Zend_Auth and Zend_Session_Namespace... Please Review.

Coding Critique is the place to post source code for peer review by other members of DevNetwork. Any kind of code can be posted. Code posted does not have to be limited to PHP. All members are invited to contribute constructive criticism with the goal of improving the code. Posted code should include some background information about it and what areas you specifically would like help with.

Popular code excerpts may be moved to "Code Snippets" by the moderators.

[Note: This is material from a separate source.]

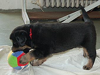 Der weiche Ball erfreut sich bei den Welpen großer Beliebtheit.

Moderator: General Moderators

Post Reply
User avatar
DaveTheAve
Forum Contributor
Posts: 385
Joined: Tue Oct 03, 2006 2:25 pm
Location: 127.0.0.1
Contact:

Zend_Auth and Zend_Session_Namespace... Please Review.

Post by DaveTheAve »

So this code, feels like it works, but I'd like your input... perhaps it doesn't and I'm just messing with my own head... who knows... Anyways, if it looks fine, if you have any input on how to make it better please let me know... if it doesn't work like I obviously intended it to do, please help me fix it.

Bootstrap.php:

Code: Select all

...
    protected function _initSessionHelper()
    {  
    	Zend_Session::start();
    	$sess = new Zend_Session_Namespace('Default');
    	$auth = Zend_Auth::getInstance();
    	
    	if($sess->user && !Zend_Auth::getInstance()->hasIdentity())
    	{
			$authStorage = $auth->getStorage();
            $authStorage->write($sess->user);
    	}
    }
...
UserController.php:

Code: Select all

...
    public function signinAction()
    {
        if(Zend_Auth::getInstance()->hasIdentity()){
            $this->_redirect('/');
        }
        
        $request = $this->getRequest();
        $form = new Application_Form_Signin();
        if($request->isPost()){
            if($form->isValid($this->_request->getPost())) {
                $username = $form->getValue('username');
                $password = $form->getValue('password');
                
                $authAdapter = new Application_Auth_Adapter($username,$password);
                
                $auth = Zend_Auth::getInstance();
                $result = $auth->authenticate($authAdapter);
                
                if($result->isValid()){
                	$user =  $this->_usersMapper->findByUsername($username,new Application_Model_Users());
                	
                	$sess = new Zend_Session_Namespace('Default');
                	$sess->user = $user;
                	Zend_Session::rememberMe(604800); // Week
                	
                    $authStorage = $auth->getStorage();
                    $authStorage->write($user);
                    
                    $this->_redirect('/');
                } else {
                    $this->view->errorMessage = "User name or password is wrong.";
                }
            }
        }
        
        $this->view->form = $form;   
    }
...
    public function signoutAction()
    {
        Zend_Auth::getInstance()->clearIdentity();
		Zend_Session::forgetMe();
		Zend_Session::destroy(true);
        $this->_redirect('/');
    }
...
Yes, I've googled, couldn't find any information on this topic... so weird too...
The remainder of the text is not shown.